Avoiding a depression has an anchoring effect. It allows the false assumptions of the model to ideologically operate despite empirical disconfirmation. Assuming the non-zero-sum ontology of efficient-market theory, for example, forces the losing, counter party to sue for relief by proving the intent to cause detriment. The derived benefit is affirmatively defended by arguing that complainants are out-competed into a legitimate loss, thus providing a non-zero-sum benefit in which markets ontologically maximize efficiency by putting the inefficient out of business (by causing detriment, but the loss, it is argued, is more than offset with the benefit of a more efficient market). So, for example, firms that fail (and the unemployment that results) due to the practices of too-big-to-fail financial firms and the Great Recession is really a corrective phase that strengthens our economy by virtue of efficient markets that ontologically exact detriment. Losers are the culpable party. They lose because they deserve it and society benefits from the loss in non-zero-sum.
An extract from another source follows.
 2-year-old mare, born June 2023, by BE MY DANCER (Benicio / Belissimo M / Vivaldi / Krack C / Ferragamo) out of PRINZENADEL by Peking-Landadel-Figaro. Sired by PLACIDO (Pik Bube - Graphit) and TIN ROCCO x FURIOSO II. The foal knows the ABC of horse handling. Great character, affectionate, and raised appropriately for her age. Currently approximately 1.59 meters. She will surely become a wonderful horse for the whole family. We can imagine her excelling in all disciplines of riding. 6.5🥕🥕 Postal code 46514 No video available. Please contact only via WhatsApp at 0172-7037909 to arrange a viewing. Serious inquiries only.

Assuming financials operate in non-zero-sum by bankrupting us into market efficiency is a false ontology. It is a false assumption of the working model resulting in a Pareto Optimal, political settlement that deontologically conserves the consolidated value of the risk proportion. It anchors us to both the validation of disconfirmed, ideological hypotheses and to the risk-averse realpolitique of always preventing the worst possible scenario rather than pursuing the best.
It's easy to argue we are being risk-prone if we are not always averting a probable crisis. Bailing out too-big-to-fail firms is, for example, to avert a crisis of overwhelming proportion, which implies (validates) their consolidation is the best it can possibly be in priority. Thus, bailing out risk-prone firms in priority (with the risk of loss fully assumed) is being risk-averse by default. It then appears there is not much difference between being risk-averse and risk-prone, which is politically safe (Pareto Optimal).
It's just as easy to argue we are being risk-averse if we are always pursuing probable success rather than achieving the prospect of abject failure in a too-big-to-fail proportion.
By default, pursuing the best possible scenario in priority always confirms (rather than validates) the worst by its prevention, which makes all the difference.
Rather than continuously confirming the angst (the worst) of our economic existence with recessionary trends (like the Democratic-Republican "regime of re-action" is binomially apt to do), "We the People" demand leadership that makes all the difference.
The American Revolution took the risk of challenging the virtue of consolidated power, and "We" are still politically prone to confirm the virtue of its deconsolidation to provide for The Commonwealth.